SQL Audit

There are two types of auditing in MS SQL

  • server level auditing

    • supported in all editions of SQL Server

    • allows auditing on server level like failed logins attempts, create/alter login etc

  • database level auditing

    • supported in Enterprise, Developer and Evaluation editions of SQL Server 2008, 2008R2, 2012, 2014, 2016

    • supported in all editions of SQL Server beginning with SQL Server 2016 SP1

    • allows auditing on database level eg DML commands, DDL changes etc

SQL Server 2008 introduces a new high-performance eventing infrastructure called SQL Server Extended Events. The SQL Server Audit feature is built on top of Extended Events to leverage the performance benefits and provide both asynchronous and synchronous write capabilities. By default, the audit events are written to the audit target in an asynchronous fashion for performance reasons. The choice of asynchronous or synchronous is controlled by the QUEUE_DELAY option of the CREATE AUDIT DDL

CREATE AUDIT

In order to create audit use MS SQL Management Studio or TSQL.

Audit is just object which define destination for audited data. It itself does not collect any data and is disabled after creation.

Multiple Server Audit objects can be defined with each object being specified and operational independent from one another (that can be useful if retention differs between audited databases).

USE [master]

GO

CREATE SERVER AUDIT [myAudit]

TO FILE

( FILEPATH = N'E:\SQLData'

,MAXSIZE = 10 MB

,MAX_ROLLOVER_FILES = 30

,RESERVE_DISK_SPACE = OFF

)

WITH

( QUEUE_DELAY = 1000

,ON_FAILURE = CONTINUE

)

When the active audit file reaches the maximum size specified, it automatically rolls over to a new file. This process continues up to the maximum number of rollover files specified. When or if the maximum number of rollover files is reached, SQL Server begins deleting an existing audit file for every new one created, starting with the oldest first. Note that if the delete operation fails for whatever reason, the audit silently continues.

After audit object is created you need to enable it but that can be done at any time. Best time to enable is when all remaining audit specifications have been created, for example when definition of DML audit is completed. Once audit is enabled new file (*..sqlaudit) is created in folder used during definition.

ALTER SERVER AUDIT [myAudit]

WITH (STATE=ON)

If Audit is configured to continue after the error then a failure to write the Audit event does not trigger the SQL Server instance to shut down but Audit events are buffered in memory until they can be flushed to the target.

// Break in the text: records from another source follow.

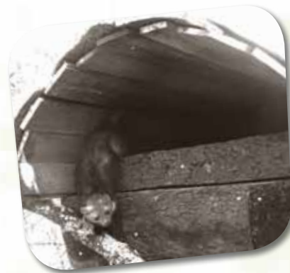
Fuinha a utilizar uma das tocas artificiais
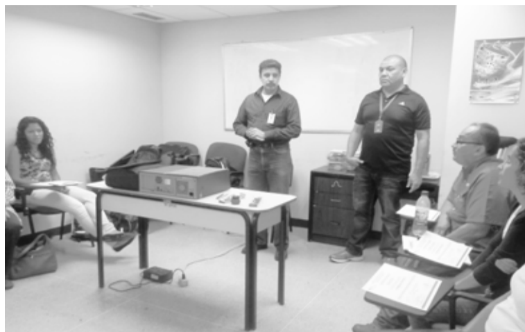
Por Felicia Jiménez.
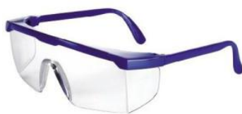
Slika 17. Zaštitne naočale sa bočnom zaštitom

Rad na liniji gdje se pune boce zahtjeva zaštitu očiju s obzirom na to da se radi sa staklom i da pasterizirana piva u boci može eksplodirati. Upravo iz tog razloga koriste se zaštitne naočale sa bočnom zaštitom (slika 17).

If the records fill the memory buffer and cannot be written to the Audit log, the server blocks any new activity that would result in an audit event being written until the buffer space is freed up or the audit is disabled. The size of the memory buffer varies, but it is around 4 MB per audit in the default case, which can accommodate at least 170 audit events (the exact number depends upon the amount of data contained in each event). If the problem is not correct before the operating system returns an error, such as a disk write failure, the Audit session is taken offline with a corresponding error written to the server’s error log; all buffered and new audit events are discarded. Upon correction of the problem, the audit object will need to be restarted in order for auditing to resume. If lost audit records are unacceptable, the audit should be configured to shut down rather than continue upon write failure.

To ensure tight synchronicity between the events captured in the audit log and the activity on the server, SQL Server Audit can be configured to write the audit entries to the log in a synchronous fashion, meaning that transactions are blocked until the event is written to its destination. The tradeoff here is obviously that performance may be affected adversely. In most situations, asynchronous Audit log writing is recommended.

Based on https://msdn.microsoft.com/en-us/library/dd392015.aspx

DML auditing

  • CREATE AUDIT

  • Use MS SQL Management Studio or TSQL to create database audit specification...

USE [myDatabase]

GO

CREATE DATABASE AUDIT SPECIFICATION [DatabaseAuditSpecification_DML]

FOR SERVER AUDIT [myAudit]

ADD (DELETE ON DATABASE::[myDatabase] BY [public]), --<---- use [public] if you want to audit DELETE of all users

ADD (INSERT ON DATABASE::[myDatabase] BY [public]),

ADD (SELECT ON DATABASE::[myDatabase] BY [public]),

ADD (UPDATE ON DATABASE::[myDatabase] BY [public])

WITH (STATE = OFF) --<---- disabled by default

  • Enable database audit specification (right click and select 'Enable Database Audit Specification')

ALTER DATABASE AUDIT SPECIFICATION [DatabaseAuditSpecification_DML]

WITH (STATE = ON)

  • Make sure that audit object is enabled - see CREATE AUDIT above

Login Auditing

There are three methods for Login Auditing

  1. Using audit

  2. Using server settings

  3. Using SQL trace

Login Auditing (using Audit)

Use following procedure to audit failed and/or successful login attempts

  • CREATE AUDIT (if it does not exist)

  • Use MS SQL Management Studio or TSQL to create database audit specification

USE [master]

GO

CREATE SERVER AUDIT SPECIFICATION [myServerAuditSpecification]

FOR SERVER AUDIT [myLoginAudit]

ADD (FAILED_LOGIN_GROUP),

ADD (SUCCESSFUL_LOGIN_GROUP)

WITH (STATE = OFF)

GO

Enable server audit specification (right click and select 'Enable Server Audit Specification')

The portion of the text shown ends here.